A workflow named mounted single-particle characterization for mineralogical analyses (MSPaCMAn) has been shown to reduce the CT image artefacts described above (Godinho et al., 2021a). First, the particles are dispersed throughout a sample using a spacer to prevent particles from touching each other and to reduce the effect of beam hardening because all sections of a sample have similar densities. Additionally, because the particles are separated, the interphases between neighbour particles are reduced, thus segmenting the particles individually is facilitated. The second step is the labelling of the individual particles, which allows processing of their sub-volumes independently. The reduced complexity of each particle relative to the whole sample simplifies the interpretation of the grey-values, and it allows adding the geometrical properties of a particle as classification criteria. Importantly, the segmentation is done at the particle level and not at the grain level (like traditional segmentation methods (Wang et al., 2016; Guntoro et al., 2019; Da Wang et al., 2020)), which reduces the biased decision of defining boundaries at the smaller grain level.
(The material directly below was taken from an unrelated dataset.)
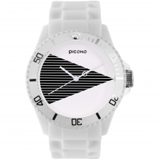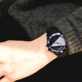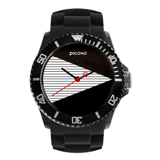 拿掉過多的色彩、裝飾與字釘,只有簡單的黑與白透過線條及幾何圖的交錯在對話,看似樸素卻傳達出錶面與錶針間不簡單的縱錯關係,讓我們一同掉入時間的派對裡吧!
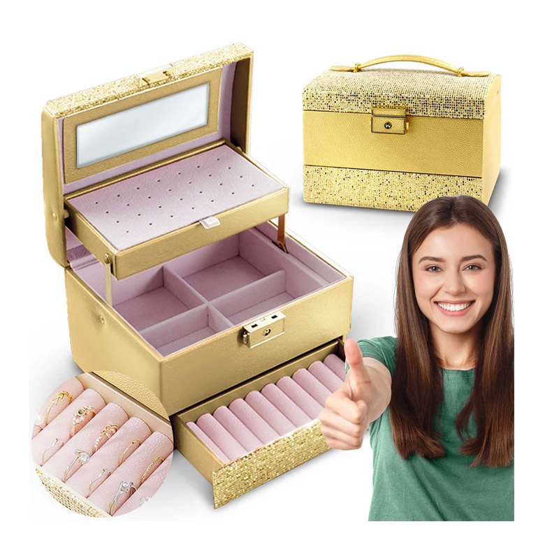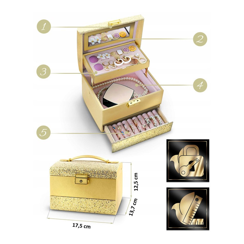 Κοσμηματοθήκη – Μπιζουτιέρα 17.5 x 13.7 x 12.5 cm Χρώματος Χρυσό Massido MS-705-Gold

To summarize, the MSPaCMAn workflow consists of (i) preparation of a particle dispersion sample, (ii) segmentation of individual particles, and (iii) phase classification using the histogram of individual particles and preliminary knowledge about the minerals present. In the next section, the fundamental principles of phase quantification at the particle level are described and appended as step (iv) of the MSPaCMAn workflow.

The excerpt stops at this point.